--- SUPPLIED RECORDS ---

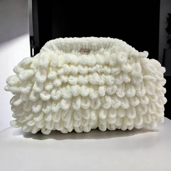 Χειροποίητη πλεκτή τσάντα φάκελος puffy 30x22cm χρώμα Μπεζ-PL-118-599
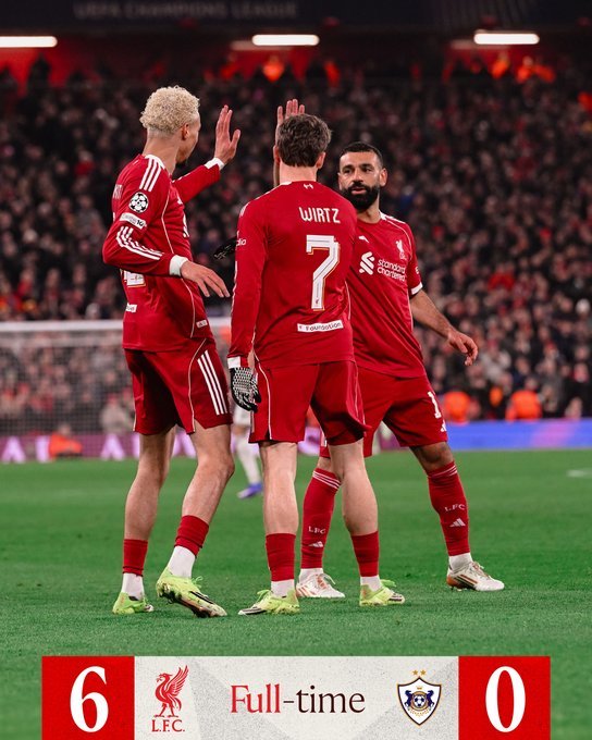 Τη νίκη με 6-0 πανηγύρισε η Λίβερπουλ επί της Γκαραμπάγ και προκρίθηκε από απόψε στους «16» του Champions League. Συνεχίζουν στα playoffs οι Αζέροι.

---
--- SUPPLIED RECORDS ---

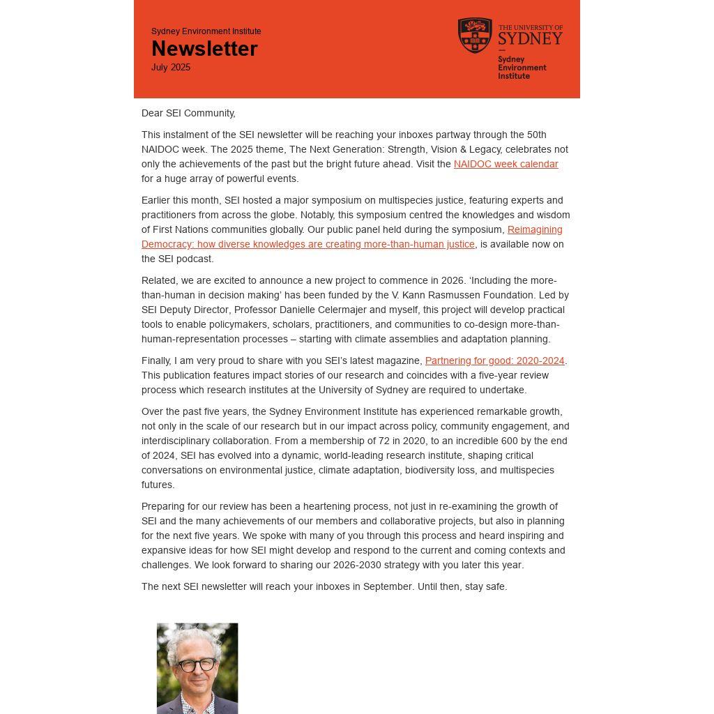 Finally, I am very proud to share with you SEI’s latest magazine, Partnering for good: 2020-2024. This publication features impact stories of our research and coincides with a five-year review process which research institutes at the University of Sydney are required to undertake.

---

* **HOW TO COMPLETE THIS TASK**
Quote the lines above exactly, starting with the one that has "Χειροποίητη πλεκτή τσάντα" and ending with the one that has "Τη νίκη με 6-0"; drop the pictures and include nothing else.

* **RESULT BELOW**
 Χειροποίητη πλεκτή τσάντα φάκελος puffy 30x22cm χρώμα Μπεζ-PL-118-599
 Τη νίκη με 6-0 πανηγύρισε η Λίβερπουλ επί της Γκαραμπάγ και προκρίθηκε από απόψε στους «16» του Champions League. Συνεχίζουν στα playoffs οι Αζέροι.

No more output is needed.